You dumb motherfuxker you asked why they took a high leg into a salon that has three phase equipment. How stupid do you have to be to even ask that question.?

And then come back with this response instead of admitting how ******** that was to say.


----------



## 347sparky (May 14, 2012)

mcclary's electrical said:


> The salon has three phase equipment. *I can still build high leg services* in city of richmond up to 200 amps


 
Why would you want to? Besides feeding all motor loads.


----------



## McClary’s Electrical (Feb 21, 2009)

WyeDelta said:


> ooo cool beans bro! must be some kind of super engeneer.. ill tell you what you go ahead and build that 200 amps of wild leg, and ill tell ya what to do with it.


Just stfu, you're sounding dumber and dumber


----------



## MDShunk (Jan 7, 2007)

347sparky said:


> Why would you want to? Besides feeding all motor loads.


I've built a couple. One was because there were too many straight 240 loads that would have required buck-boosts. The other was a service change (worn out service equipment), for an existing high-leg service. Rather than investigate everything that would or would not run on 208, the high leg drop was re-used.


----------



## McClary’s Electrical (Feb 21, 2009)

347sparky said:


> Why would you want to? Besides feeding all motor loads.


I wouldnt. Im simply telling this guy how things work in the real world.


----------



## WyeDelta (Jul 28, 2012)

347sparky said:


> Why would you want to?
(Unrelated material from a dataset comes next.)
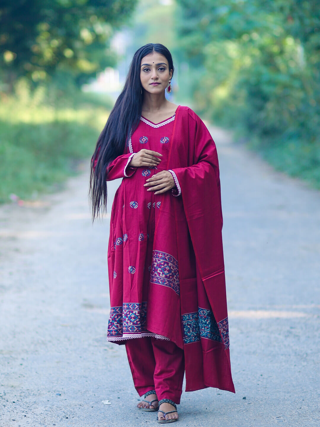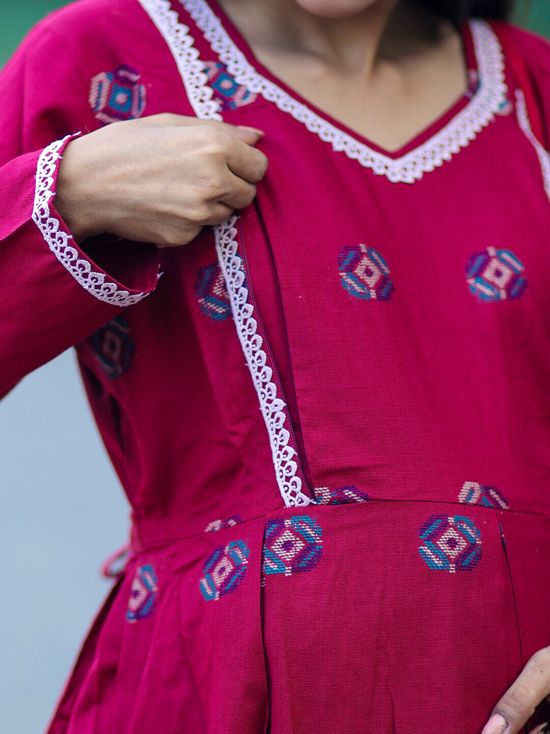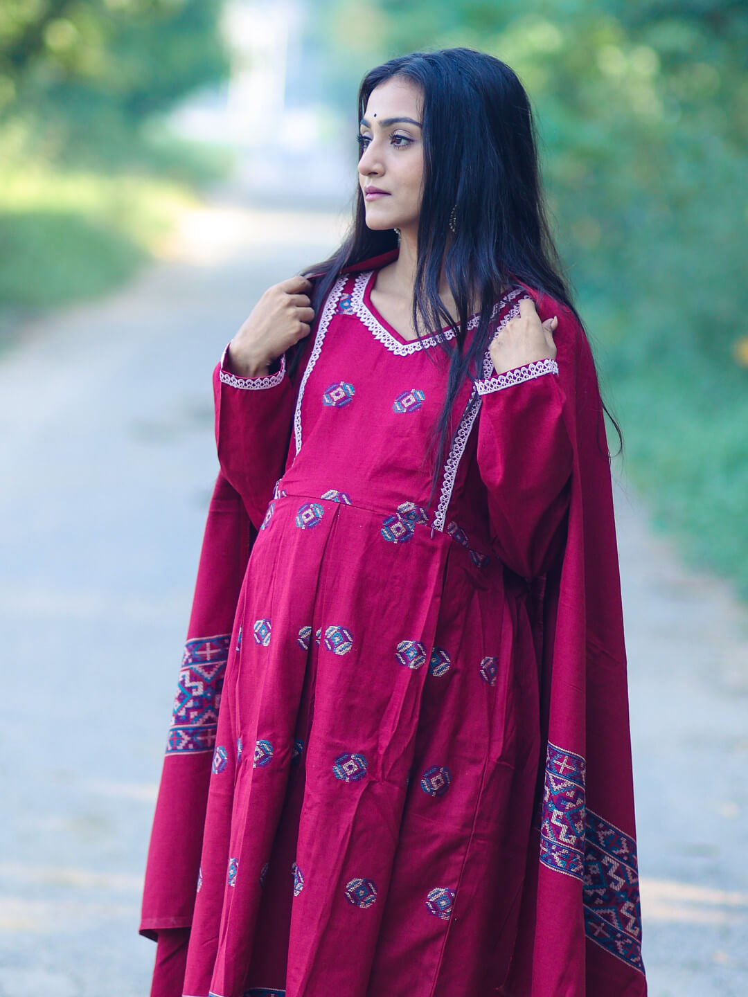 Maroon Woolen Kullu Patti Maternity Feeding Flared Kurta Set with Shawl

Besides feeding all motor loads.



yeah man, exactally!:thumbup:


----------



## nrp3 (Jan 24, 2009)

I had never seen one of these until I was on a nature walk outside of Charleston SC and saw one on an old abandoned pump house out in the woods. Could see the three phase drop, but only two pots on the pole, one smaller than the other.


----------



## 347sparky (May 14, 2012)

MDShunk said:


> I've built a couple. One was because there were too many straight 240 loads that would have required buck-boosts. The other was a service change (worn out service equipment), for an existing high-leg service. Rather than investigate everything that would or would not run on 208, the high leg drop was re-used.
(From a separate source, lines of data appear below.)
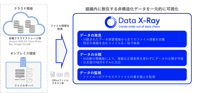 Data X-Rayは以下の機能により、様々なデータソースに散在するファイルを可視化・保護します。
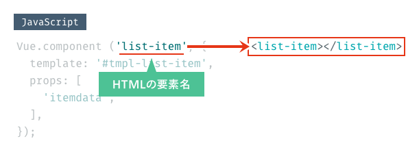 Vue.componetでは、まずHTMLで使うためのカスタム要素の名前を指定します。HTML側でも出てきましたが、list-itemという名前にしています。
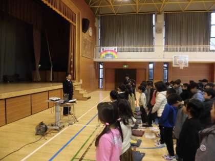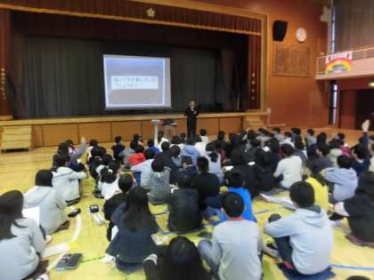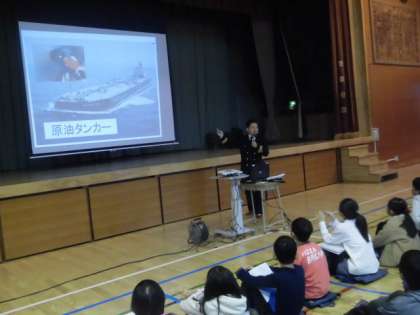 この日の4校時に、体育館にて商船三井の船長さんをゲストティーチャーにお招きしての授業をしました。
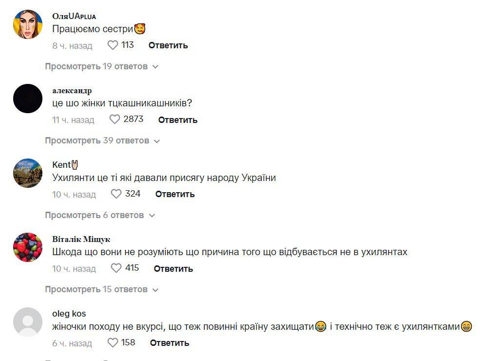 "Почему бы не кричать "мира, конец войне!"?"; "Девочки, сколько сегодня стоит один такой рабочий день?"; "Хотя бы один митинг был за мир"; "Уклонисты требуют мобилизации уклонистов. Я в ступоре"; "Вот и 200 грн заработали"; "Это что, жены тцкшников?"; "Уклонисты - это те, кто давали присягу народу Украины", - пишут люди.
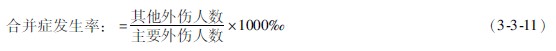 指一批或一組主要疾病病人所伴隨的其他疾?。ㄈ鐭齻l(fā)休克、感染、電解質(zhì)紊亂等)的發(fā)病情況。公式和計(jì)算方與公式3311雷同。但合并傷與并發(fā)癥是兩個(gè)不同的概念,前者是與主要病癥相伴發(fā)生的,后者是在治療主要病癥過程中發(fā)生的。
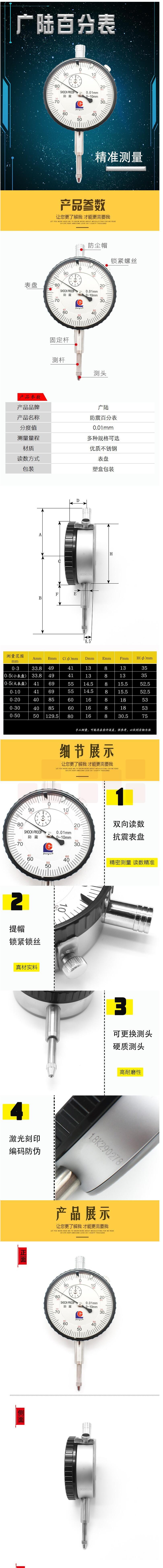 桂林 广陆机械百分表表头指针式高精度防震指示表丝表大小表盘 0-20mm
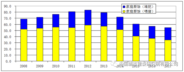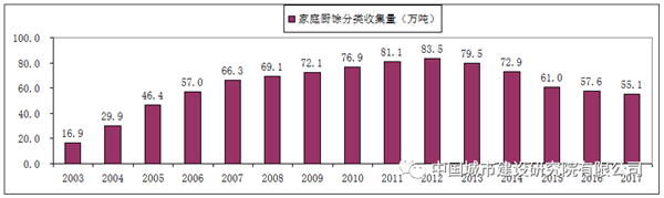 下图是台湾家庭厨余垃圾收集量的变化,2017年收集已经退回到10前的水平。
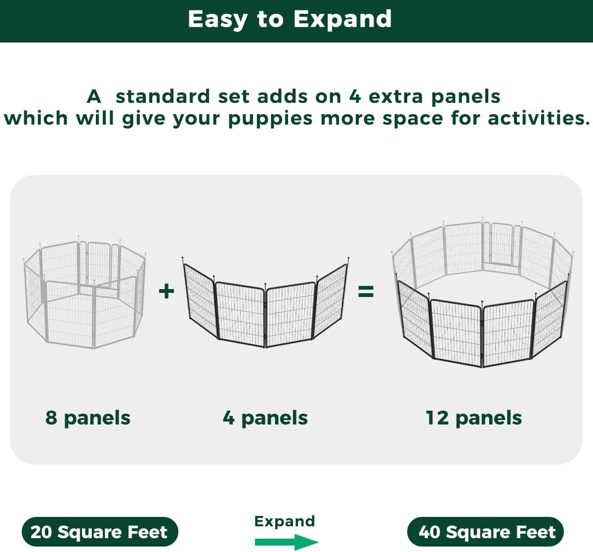 • Supper easy to assemble: It won’t take you more than 5 minutes to assemble these portable dog fences as well as pack them away due to the rod-connected design. Meanwhile, panels can be added or removed freely to give you a fully flexible area and arrange the dog pen in any shape you need.
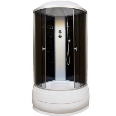 Передние стекла: тонированные. Стекло закаленное 4 мм. Ролики одинарные. Профиль: матовый хром. Душевая многофункциональная лейка. Верхний душ (тропический ливень). Полочка для ванных принадлежностей.
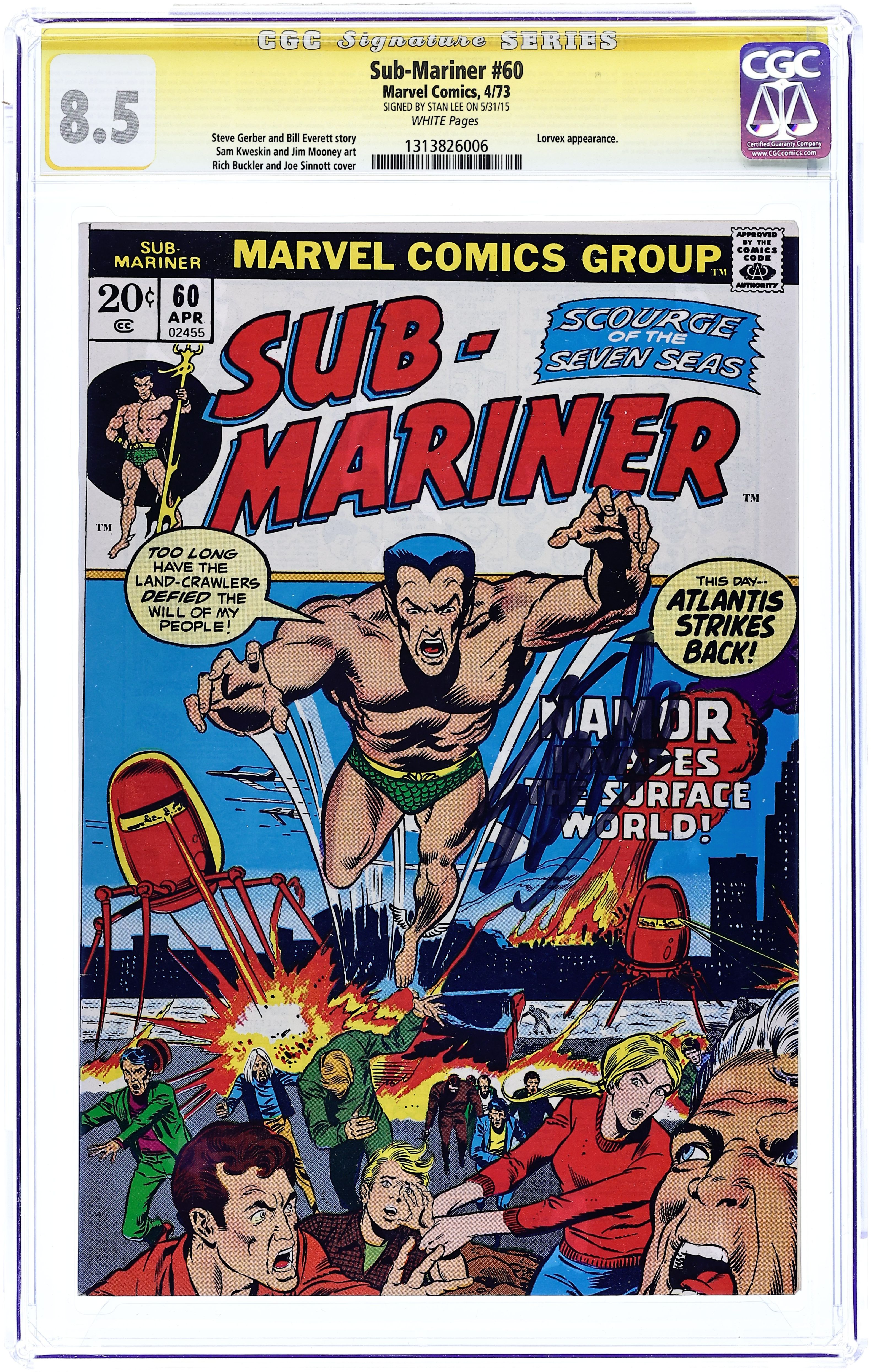 Cover pencils by Rich Buckler, inks by Joe Sinnott. "The Invasion of New York!", script by Bill Everett (plot) and Steve Gerber (script), pencils by Sam Kweskin (layouts) and Jim Mooney (finished art), inks by Jim Mooney; Namor puts his trust in Lorvex to assemble a force which Namor will led against the surface dwellers to free Tamara; The invasion is a success in providing a daunting show of force, but Namor is unable to find Tamara as she has been rescued by Lorvex who decides to keep her as a hostage and continue the onslaught against the surface world; He defeats Lorvex and rescues Tamara; He then calls off the surface attack and after addressing the UN returns to his undersea realm; The surface world does not launch a counter offensive and Namor is once again crowned Prince of Atlantis. 36 pgs., full color. $0.20. Cover price $0.20.

That makes sense, I guess usually when I have built services the POCO already had determined that 120/208 3phase is what was available. All of the delta services are in the old industrial areas (almost abandoned) where I'm at.


----------



## WyeDelta (Jul 28, 2012)

MDShunk said:


> I've built a couple. One was because there were too many straight 240 loads that would have required buck-boosts. The other was a service change (worn out service equipment), for an existing high-leg service. Rather than investigate everything that would or would not run on 208, the high leg drop was re-used.


well spoken bud, it sounded to me that the salon had retrofit the suite to accomidate there needs. 
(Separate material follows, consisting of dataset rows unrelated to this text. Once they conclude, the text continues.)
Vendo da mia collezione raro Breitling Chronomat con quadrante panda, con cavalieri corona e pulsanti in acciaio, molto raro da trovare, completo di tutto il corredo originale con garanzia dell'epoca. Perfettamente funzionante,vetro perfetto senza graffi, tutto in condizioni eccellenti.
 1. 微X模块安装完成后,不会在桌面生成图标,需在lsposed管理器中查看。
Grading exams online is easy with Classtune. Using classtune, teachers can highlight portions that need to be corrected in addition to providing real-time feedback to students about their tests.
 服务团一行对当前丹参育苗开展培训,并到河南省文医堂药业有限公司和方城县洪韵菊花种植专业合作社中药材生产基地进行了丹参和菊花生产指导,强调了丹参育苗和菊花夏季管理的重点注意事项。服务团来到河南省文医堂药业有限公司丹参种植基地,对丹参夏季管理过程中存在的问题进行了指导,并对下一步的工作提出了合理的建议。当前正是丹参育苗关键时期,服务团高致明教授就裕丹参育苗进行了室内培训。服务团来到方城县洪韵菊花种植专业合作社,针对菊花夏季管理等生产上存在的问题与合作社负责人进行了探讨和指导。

it was a simple question that got taken way too far, and i value your answer. where im at you dont see that but rarely, i havent physically seen one myself but in textbooks, all of the factories and distribution facillities my company services has all been 120/208-240 del/y 277/480 240/480d i mean i have hooked eqpt. european with strange 3p voltages etc, but never physically seen the high leg in a panel


----------



## MDShunk (Jan 7, 2007)

WyeDelta said:


> well spoken bud, it sounded to me that the salon had retrofit the suite to accomidate there needs.
> 
> it was a simple question that got taken way too far, and i value your answer. where im at you dont see that but rarely, i havent physically seen one myself but in textbooks, all of the factories and distribution facillities my company services has all been 120/208-240 del/y 277/480 240/480d i mean i have hooked eqpt. european with strange 3p voltages etc, but never physically seen the high leg in a panel


They're all over the place in my area. Mostly in older, industrial and commercial areas with overhead lines. Even if a service change is done to a building that is served with only two pots, unless there's some compelling reason to change it to a 208 service, the high leg drop stays. Nothing wrong with that. It just might be different than some electricians are used to working on. I'm sure that's a fact, judging on the number of calls I've ran where the previous electrician blew something up. Last one I remember was a new clothes dryer outlet. The installing electrician sorta forgot that these things are served with a neutral for a reason. Some of the internal loads are 120. Doesn't work so well when the leg that was going to be used inside the dryer for the 120 was clipped on the high leg pole.


----------



## WyeDelta (Jul 28, 2012)

MDShunk said:


> They're all over the place in my area. Mostly in older, industrial and commercial areas with overhead lines. Even if a service change is done to a building that is served with only two pots, unless there's some compelling reason to change it to a 208 service, the high leg drop stays. Nothing wrong with that. It just might be different than some electricians are used to working on. I'm sure that's a fact, judging on the number of calls I've ran where the previous electrician blew something up. Last one I remember was a new clothes dryer outlet. The installing electrician sorta forgot that these things are served with a neutral for a reason. Some of the internal loads are 120. Doesn't work so well when the leg that was going to be used inside the dryer for the 120 was clipped on the high leg pole.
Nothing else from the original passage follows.